In addition to the r, w, and x bits, each file system object also has three ancillary permission bits: setuid, setgid, and sticky. Normally, when a process executes a program, the resulting process has both its RUID and EUID set to the EUID of the process that executed it. However, if the program’s setuid bit is set, it runs with the EUID equal to the program’s file UID. Therefore, if the owner of a program is the root user, the program runs with an EUID of 0. The setgid bit has a similar effect: the process runs with an EGID equal to the program file’s group UID.

The sticky bit restricts the deletion of files in a directory so that only the owner of the file, the owner of the directory, or the root user can delete a file.

A user can change the permissions only on files owned by that user. Therefore, only the root user can set the setuid bit on a program owned by root. Because such a program runs with root privileges when executed by someone other than root, it can create a security vulnerability. Therefore, it is important to restrict the creation and use of such programs.
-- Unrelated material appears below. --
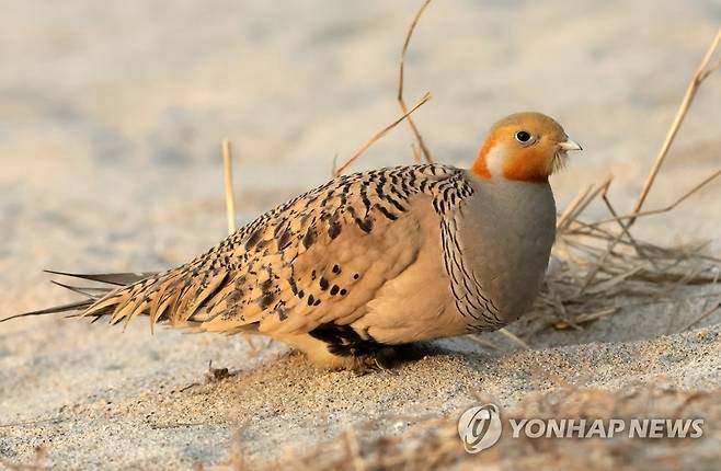 (강릉=연합뉴스) 유형재 기자 = 국내에서는 1947년 이후 76년 만에 처음으로 사막꿩이 최근 강원 동해안에서 관찰돼 눈길을 끌고 있다. 사막꿩의 보호를 위해 정확한 촬영장소와 시간은 공개하지 않는다.

An example of where the owner-or-root security policy applies is the chmod system call, which is used to change the permissions of a file (including the setuid and setgid bits). Only the owner of the file or a process running as root can change a file’s permissions.

Root EUID Security Policy

Under the root EUID security policy, an operation can be performed only by a process with an EUID of 0. Such operations are sometimes referred to as privileged operations. Some of the common situations where the root EUID security policy applies are:

• Changing the owner of a file system object

• Binding TCP/IP sockets to low-numbered ports

• Making changes to the network configuration

• Certain I/O Kit operations

• Getting the Mach host privileged special port

Authorization Services and BSD Security Policies

Because a process running with an EUID of 0 has many special privileges, such a process can be a target of malicious hackers. To minimize such risks, you should factor your application into privileged and nonprivileged processes. See “Authorization Services” for more information and for references that describe and illustrate this technique.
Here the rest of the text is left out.